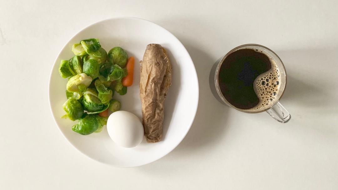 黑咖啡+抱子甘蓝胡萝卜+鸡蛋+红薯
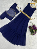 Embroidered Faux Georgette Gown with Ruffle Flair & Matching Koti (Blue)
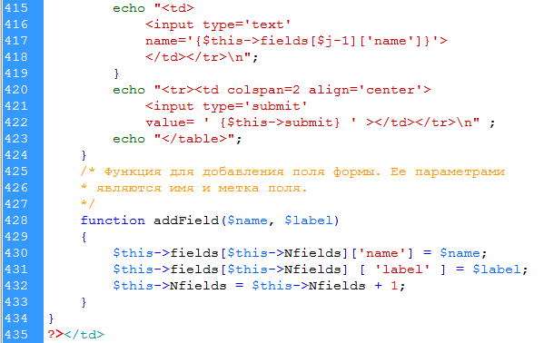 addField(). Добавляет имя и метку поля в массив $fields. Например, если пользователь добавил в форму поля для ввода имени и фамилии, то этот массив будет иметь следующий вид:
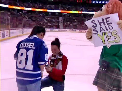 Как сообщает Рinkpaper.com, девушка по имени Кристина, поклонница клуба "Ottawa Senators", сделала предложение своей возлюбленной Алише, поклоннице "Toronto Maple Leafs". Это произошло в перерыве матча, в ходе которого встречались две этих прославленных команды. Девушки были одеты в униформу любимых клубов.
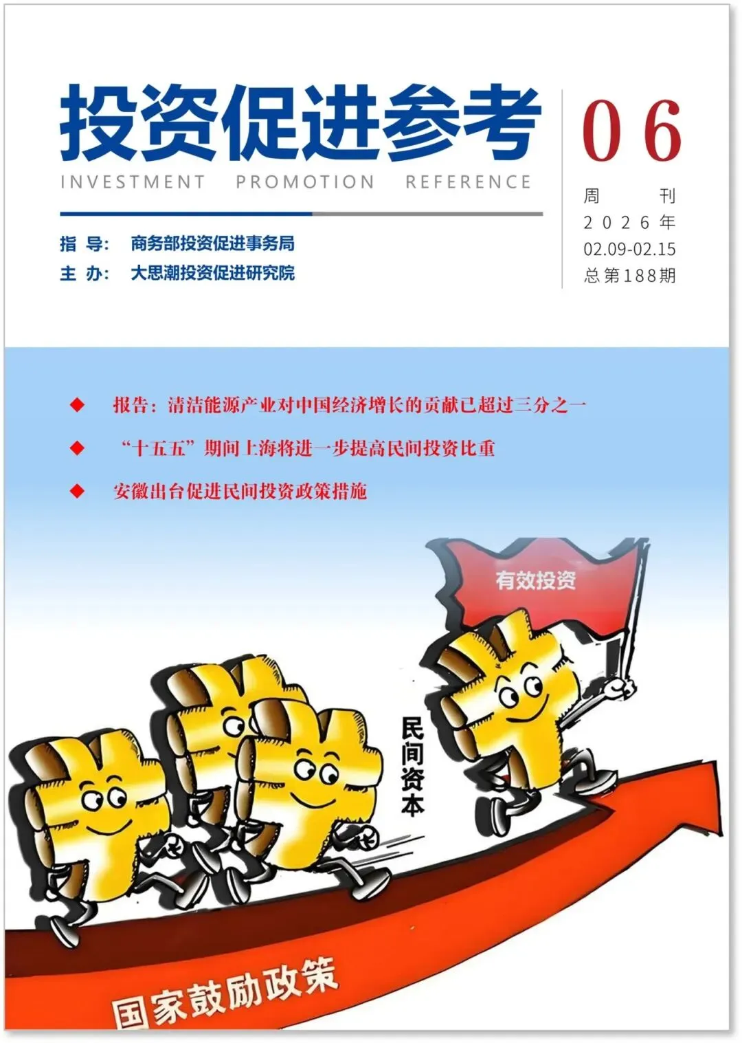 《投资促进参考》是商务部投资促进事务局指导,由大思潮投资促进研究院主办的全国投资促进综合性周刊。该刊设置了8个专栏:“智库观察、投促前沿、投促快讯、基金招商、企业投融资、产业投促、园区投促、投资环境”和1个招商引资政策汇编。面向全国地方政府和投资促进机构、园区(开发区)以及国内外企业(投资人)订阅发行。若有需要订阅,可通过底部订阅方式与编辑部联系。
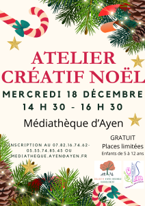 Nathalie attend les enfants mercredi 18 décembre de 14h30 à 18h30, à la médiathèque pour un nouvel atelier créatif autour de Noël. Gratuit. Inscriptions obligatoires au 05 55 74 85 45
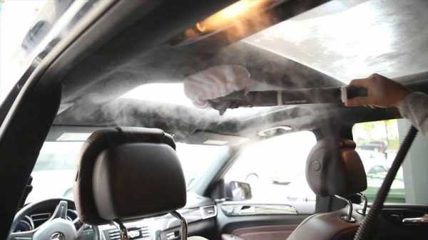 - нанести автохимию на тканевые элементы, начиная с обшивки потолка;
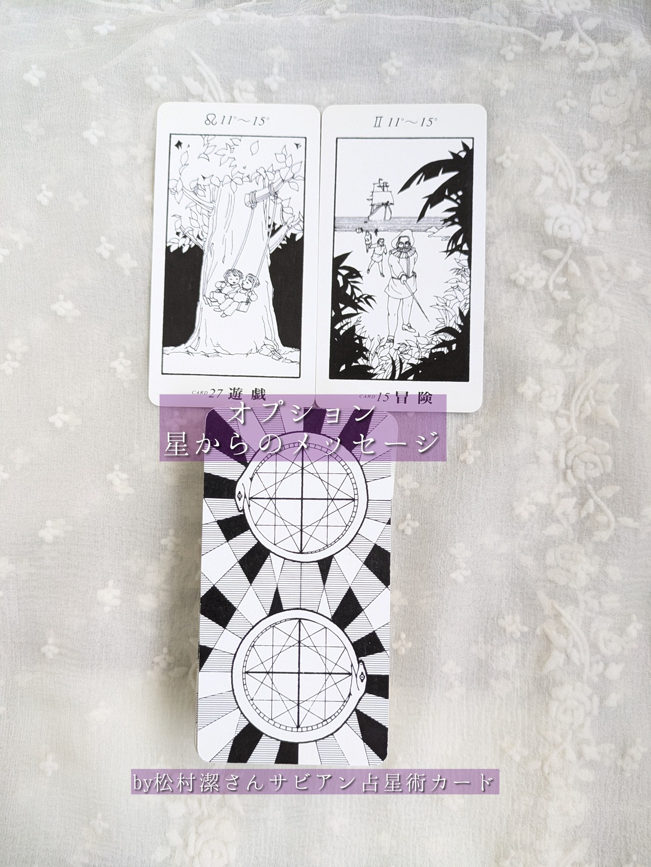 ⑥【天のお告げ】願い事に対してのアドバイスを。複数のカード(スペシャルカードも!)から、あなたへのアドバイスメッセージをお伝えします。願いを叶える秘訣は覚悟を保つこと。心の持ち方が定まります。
——
_WORK INSTRUCTIONS_: From the line with "- нанести автохимию" to the last line above, restate each line word for word, but skip the pictures.

_EXPECTED ANSWER_:
 - нанести автохимию на тканевые элементы, начиная с обшивки потолка;
 ⑥【天のお告げ】願い事に対してのアドバイスを。複数のカード(スペシャルカードも!)から、あなたへのアドバイスメッセージをお伝えします。願いを叶える秘訣は覚悟を保つこと。心の持ち方が定まります。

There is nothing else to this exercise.